Unsustainable wage bill
The World Bank warns that although the national government’s personnel emoluments remain within legal limits, the combined wage bill of both levels of government is unsustainable. It estimates that reducing the wage bill to the legal threshold could create fiscal room equivalent to 0.4 per cent of the country’s gross domestic product (GDP).
A major source of financial leakage, according to the report, is systemic inefficiency in payroll controls and human resource management.
The Bank identifies extensive use of manual payroll systems, which are prone to manipulation and poor succession planning that delays the retirement of civil servants past their eligible dates, as key problems.
It proposes the introduction of a unified human resource information system to oversee the entire employment cycle across the public service and calls for a comprehensive audit and clean-up of payroll registers to remove ghost workers.
Eliminating ghost workers
Had Kenya resolved these payroll weaknesses between 2019 and 2023, the World Bank notes that the government could have saved up to Sh5.382 billion by eliminating ghost workers, Sh3.354 billion in irregular domestic and foreign travel allowances, and Sh2.051 billion from salary overpayments and unexplained payroll anomalies.
The review also points to irregular allowances, which cost the taxpayer Sh1.712 billion during this period, an additional Sh932 million in unapproved remuneration structures and Sh507 million from noncompliance with SRC’s allowance guidelines.
The World Bank is also pushing for a 50 per cent cut in the government’s travel budget, which stood at Sh19.6 billion in the 2022/23 financial year.
A significant chunk, Sh6.2 billion or about 32 per cent, was spent on Daily Subsistence Allowances (DSAs), commonly known as per diems.
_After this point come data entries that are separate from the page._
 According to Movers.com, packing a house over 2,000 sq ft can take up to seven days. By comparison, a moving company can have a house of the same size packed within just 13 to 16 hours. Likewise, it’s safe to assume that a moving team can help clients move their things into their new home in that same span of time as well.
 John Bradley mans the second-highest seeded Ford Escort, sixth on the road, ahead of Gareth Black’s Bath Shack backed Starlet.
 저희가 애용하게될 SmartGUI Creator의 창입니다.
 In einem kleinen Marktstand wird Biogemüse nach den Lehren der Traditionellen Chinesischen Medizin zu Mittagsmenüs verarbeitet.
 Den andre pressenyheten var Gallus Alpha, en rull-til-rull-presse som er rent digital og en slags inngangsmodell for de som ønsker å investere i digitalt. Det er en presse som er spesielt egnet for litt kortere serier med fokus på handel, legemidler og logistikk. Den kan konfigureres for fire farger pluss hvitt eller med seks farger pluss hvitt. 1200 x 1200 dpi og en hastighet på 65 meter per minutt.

The report criticises current allowance practices as incoherent and wasteful, revealing that about 40 per cent of the total wage expenditure for permanent staff and appointed or elected officials is spent on both remunerative and facilitative allowances. These allowances, the lender says, are being used to top up basic pay rather than reward specific job outputs or performance, creating incentives for absenteeism and undermining productivity.
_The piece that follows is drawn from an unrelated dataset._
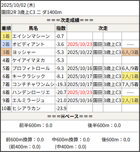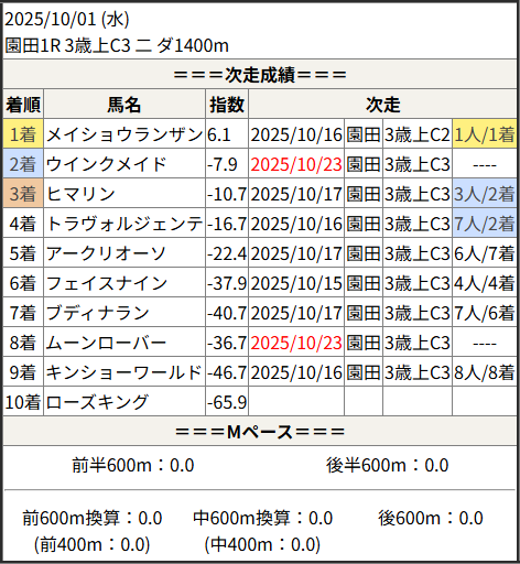 2025/10/23 笠松1R C10組:結果

“These allowances have been used to supplement basic pay rather than as rewards for specific jobs or work performance. This undermines productivity as staff are frequently absent from their duty stations since the system creates incentives to seek per diems,” reads the report.
Per diems
The bank further criticises the rampant use of per diems, saying they have led to the proliferation of unnecessary meetings, committees and delays in administrative decision-making. It notes that technical outputs that would typically be produced by consultants are instead being developed through prolonged and costly workshops held away from duty stations, involving large groups of staff.
The World Bank is recommending stricter regulation of travel frequency, revision of travel budget ceilings and standardisation of DSA rates across all job grades and government levels.
It also wants the per diems for foreign travel aligned with international benchmarks such as those of the United Nations Development Programme (UNDP). The report highlights that a Kenyan civil servant currently receives an average of $513 (about Sh66,353) in daily per diem for a trip to the US.
However, if rates were standardised using MDA benchmarks, the cost per officer would drop to $326 (Sh42,119), saving $187 per day. Using the UNDP rate would reduce the cost to $460 (Sh59,498), yielding a daily saving of $53 per officer.
The recommendations come at a pivotal moment as Parliament debates the 2025 Finance Bill and the 2025/26 budget estimates ahead of the national budget statement.
The Treasury aims to raise an additional Sh30 billion from the Bill, though it has opted not to introduce new taxes following widespread and deadly protests over tax hikes in the 2024 Finance Act.
Treasury Cabinet Secretary John Mbadi has proposed a Sh130 billion cut to the initial Sh4.3 trillion budget for the 2025/26 financial year, projecting a fiscal deficit of 4.5 per cent of GDP, down from 5.1 per cent in the previous year.